- [WHAT YOU WILL DO] Please reproduce the listing verbatim, without its images.

- [RECORDED INFORMATION]

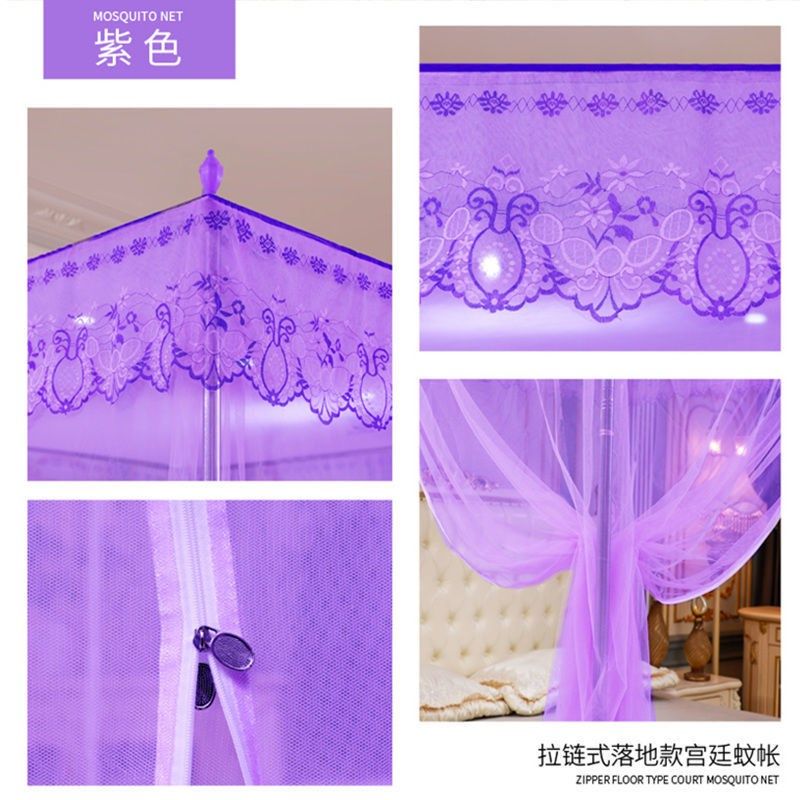 Antarctic zipper-type mosquito net three-door floor-to-ceiling princess wind lace double home free installation palace pattern
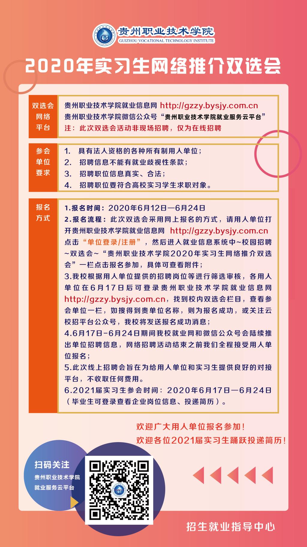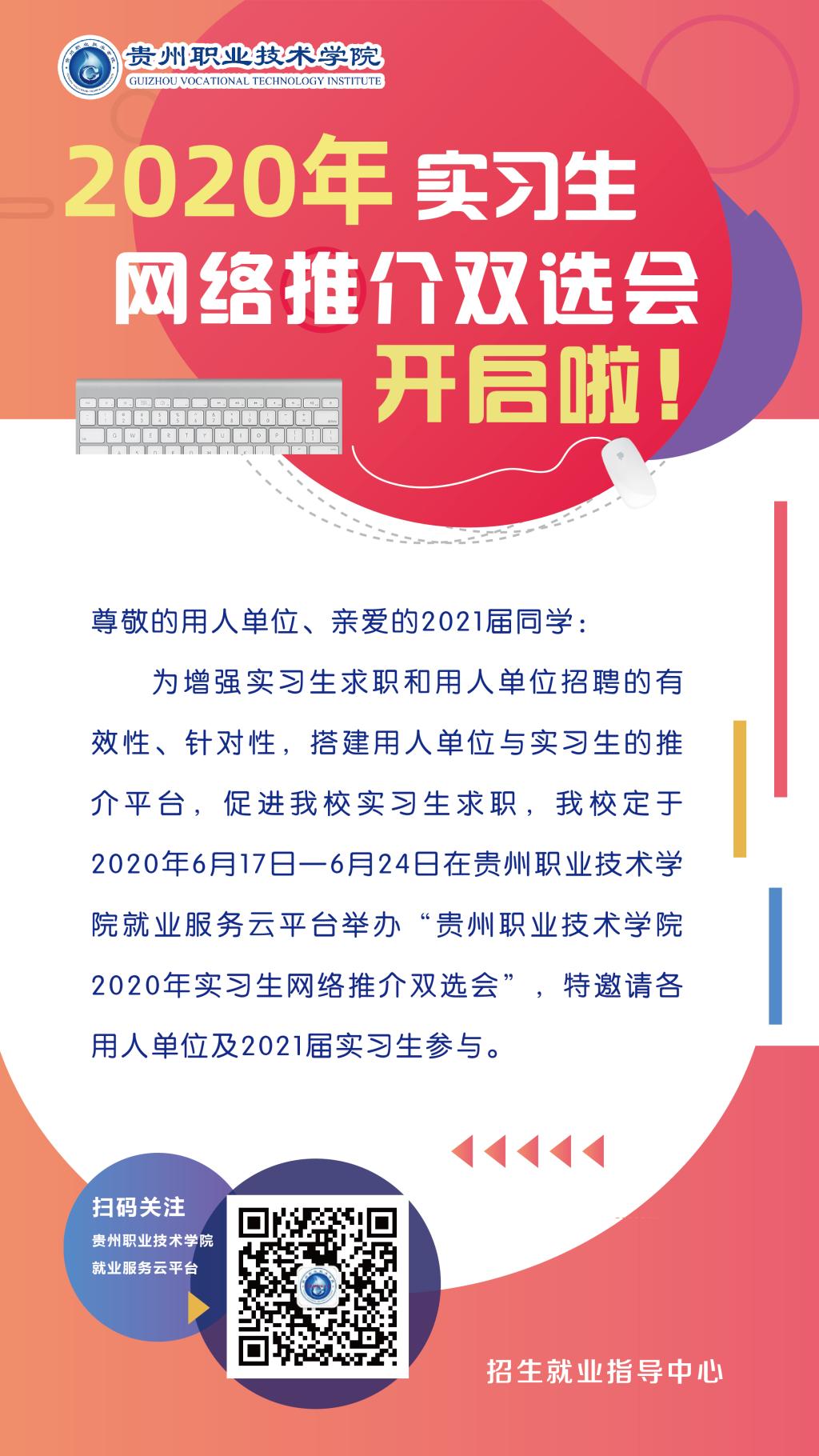 贵州职业技术学院2020年实习生网络推介双选会活动通知
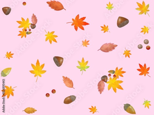 © Sachi, Obraz premium クリとモミジのシームレスパターン C-1
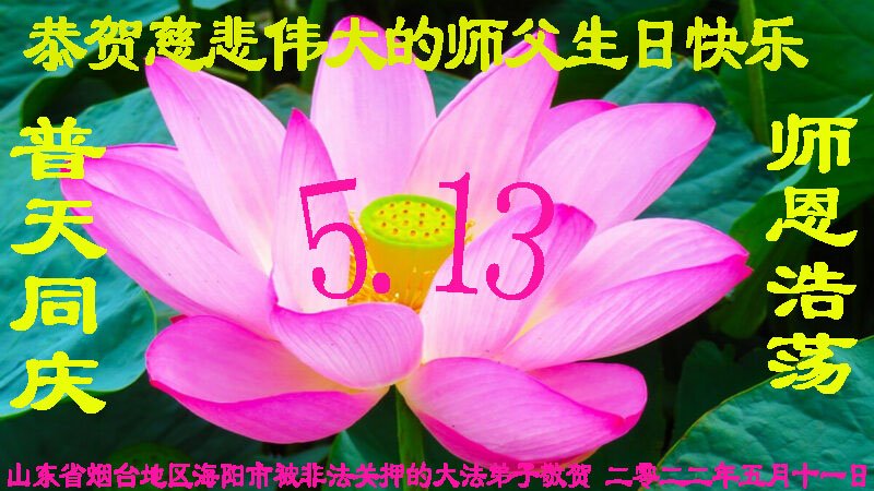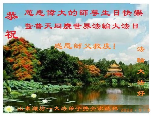 今年是法轮大法洪传世界三十周年,在这个普天同庆的伟大日子里,弟子更加想念慈悲伟大的师父!在中共残酷迫害大法和大法弟子的二十三年中,弟子被非法判刑七年,被病魔折磨瘫痪九年,在这血与火的熔炼中,是师父一次又一次的将弟子起死回生,师恩难报呀!弟子唯有在这最后的修炼时刻,不管怎么艰难,我都要义无反顾的坚定的跟随师父,走到正法的最后一刻,跟师父回家! 二零二二年五月八日 山东潍坊大法弟子携全家恭祝慈悲伟大的师尊生日快乐暨普天同庆世界法轮大法日!

- [EXERCISE ANSWER]
 Antarctic zipper-type mosquito net three-door floor-to-ceiling princess wind lace double home free installation palace pattern
 贵州职业技术学院2020年实习生网络推介双选会活动通知
 © Sachi, Obraz premium クリとモミジのシームレスパターン C-1
 今年是法轮大法洪传世界三十周年,在这个普天同庆的伟大日子里,弟子更加想念慈悲伟大的师父!在中共残酷迫害大法和大法弟子的二十三年中,弟子被非法判刑七年,被病魔折磨瘫痪九年,在这血与火的熔炼中,是师父一次又一次的将弟子起死回生,师恩难报呀!弟子唯有在这最后的修炼时刻,不管怎么艰难,我都要义无反顾的坚定的跟随师父,走到正法的最后一刻,跟师父回家! 二零二二年五月八日 山东潍坊大法弟子携全家恭祝慈悲伟大的师尊生日快乐暨普天同庆世界法轮大法日!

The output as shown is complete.